I've hooked up all my foster dogs - a short session with a little wagon to get used to the feel of the harness and something rattling behind them and if that goes well, I just add them to the team. 

This is from last year...

http://youtu.be/zj2t_zimvv8


----------



## Catherine Gervin (Mar 12, 2012)

leslie cassian said:


> This is from last year...
> 
> http://youtu.be/zj2t_zimvv8


 LOVED the happy tail on the left! this is a pathetic question, but how do you keep from sinking in? is it that the snow is packed or not very deep or do the dogs just get the hang of it...?


----------



## susan tuck (Mar 28, 2006)

Do you have any links for sites that show how to get started in sledding? Are there sites that recommend equipment for beginners. stuff like that?


----------



## Sarah Platts (Jan 12, 2010)

can you post a picture of your summer scooter?


----------



## leslie cassian (Jun 3, 2007)

When I started, I just googled and used whatever seemed sensible, plus some of my horse experience from the breaking and training course I took years ago, and then went to a few local training events. A couple of facebook groups have been helpful, too, when I had specific questions. The mushing community has been very welcoming and helpful to me, even though I have off breeds and know almost nothing. It's all a big learning curve for me, and sometimes I feel like I'm just making it up as I go. 

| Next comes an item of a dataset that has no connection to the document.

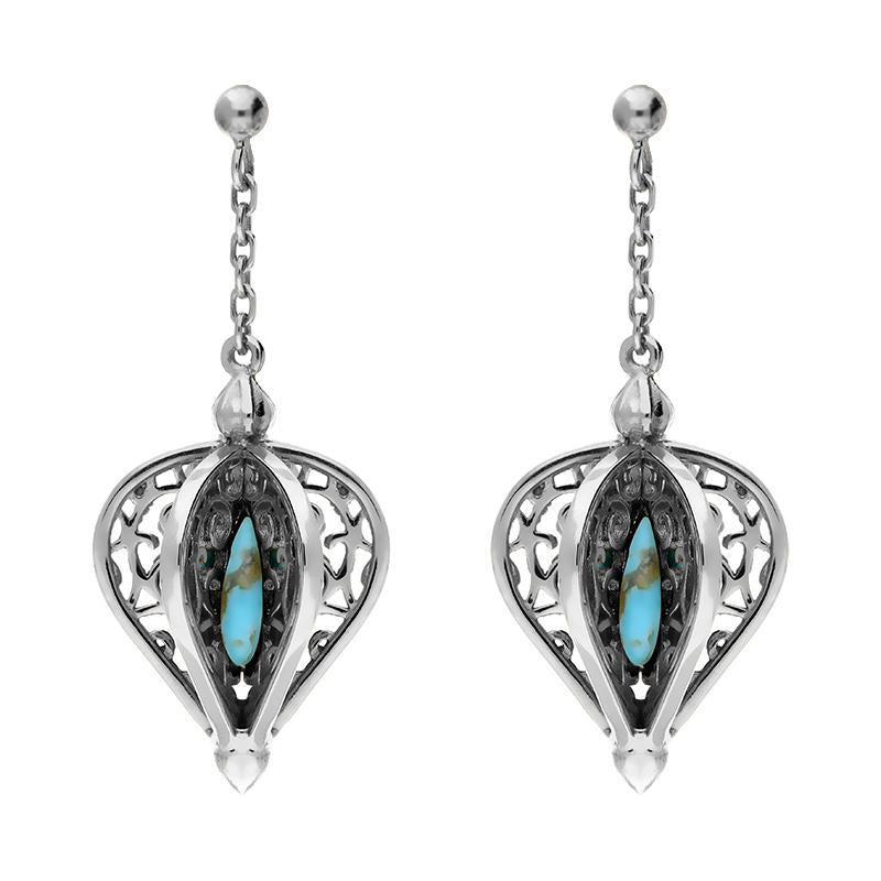 9ct White Gold Turquoise Flore Filigree Drop Earrings E1781

For harness fitting, I got custom harnesses from another poster here, Lynn Cheffins, who sized up my dogs and made them for me. She also made the drag mat brake, the lines and the bridle for my little kicksled. I wish she would chime in... she knows way more about dogs and sledding than I do. 

The trails I have used to run the dogs are packed snow. They really are pretty wimpy about pulling, so deep snow is pretty slow going and I have to help a lot. It reminds me how unfit I am.


----------



## leslie cassian (Jun 3, 2007)

This is my kickbike.
I chose a scooter over a bike because I am old and do not bounce, so I figured this was easier to bail off than a bicycle if I got into trouble.


----------



## Sarah Platts (Jan 12, 2010)

Do you feel you are pretty stable on the bike? Even over rough or kinda bouncy ground like you might find in a typical farm field that might have had animals on it?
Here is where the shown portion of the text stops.